Running Qwen and Llama variants on 16GB consumer hardware via llama.cpp — measuring the real trade-off between tokens per second and logic quality on quantized GGUF models.

status
active
started
2026-01
updated
2026-04
tags
AI/ML · Systems

What

A personal lab for running open-weight models locally — Qwen and Llama variants served through llama.cpp, fronted by Open WebUI. The point isn’t to use them; it’s to measure them under real constraints and build intuition for which size/quant combinations are actually usable on the hardware I have.

Why

Two reasons:

  1. I want to stop paying per-token tax for work that a 4B–8B model can do fine, and I want to know empirically where that line is.
  2. The more interesting question — if you’re doing RAG or agent work — is latency per token, not benchmark score on MMLU. Those numbers you only get by running things yourself.

How

  • Runtime: llama.cpp with GGUF quantized weights.
  • Front-end: Open WebUI for chat-style sanity checks; direct llama-cli for benchmarking runs.
  • What I measure: tokens per second (prompt eval + generation), context window behavior as it fills up, memory footprint, and — separately — correctness on a small private instruction-following set.

Findings so far

Qwen 4B: fast, but brittle

~50 TPS on my setup. Fine for summarization, classification, and short-form generation. Falls over on multi-step instructions and anything that requires holding structure across a longer response — it drifts or drops constraints. Useful as a component, not as a general model.
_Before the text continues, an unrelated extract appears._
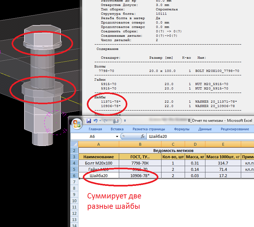 в отчете сумирует ВСЕ шайбы по комплекту, ГОСТ по той берет которая у гайки
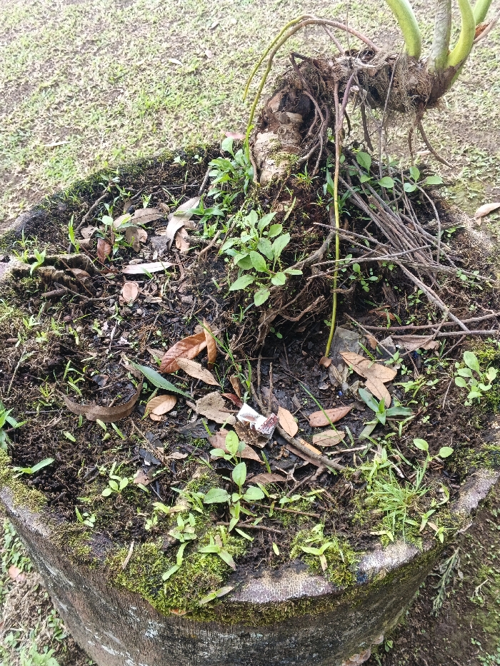 The image presents a detailed view of a weathered concrete planter located in Lokossa, Benin. The planter's rough, textured surface shows evidence of age and is partially covered by green moss, particularly along its upper rim. Inside the planter, dark, moist soil serves as a medium for various plant life and debris. A prominent plant with a thick, woody base and numerous exposed aerial roots emerges from the soil in the upper right, with a thick light green stem extending upwards. The soil surface is sparsely covered with small green seedlings, scattered dry brown leaves, and thin twigs. A small, crumpled piece of white and red paper or plastic is visible amongst the organic debris near the center-right. The immediate background shows a patch of short, light green grass. No individuals, animals, or active interactions are depicted in the scene.

8B models: ran into a hardware wall

On 16GB RAM, the default quant for 8B-class models pushes the machine into heavy swap — I saw ~5GB of memory swapping during longer-context generation, and context exhaustion when I tried to stretch the window. The machine doesn’t crash; it just slows to a crawl and the generation quality gets non-deterministic as cache pressure rises.

Takeaway

On 16GB, 4B is the speed king for simple tasks. 8B is usable but only if you drop to a more aggressive quant — Q4_K_M is the target I’m testing next — and keep the context reasonable. The “just run an 8B locally” recommendation you see online assumes more headroom than 16GB provides once you account for the OS, the embedding model (if RAG), and the browser you forgot to close.

What’s next

  • Full sweep: Qwen 4B and 8B, Llama 8B, at Q4_K_M / Q5_K_M / Q6_K, measuring TPS + a small correctness set.
  • Publish the numbers as a notes post — including the runs where the “better” quant wasn’t worth it.
  • Wire the best-performing local model into aegis-rag as the default generation backend.

Limitations

  • n=1 hardware. All numbers are 16GB-specific and don’t generalize to a 3090 or to Apple Silicon with unified memory.
  • Correctness set is small and hand-written — not a standard eval. Good for catching obvious regressions, not for publishing leaderboard claims.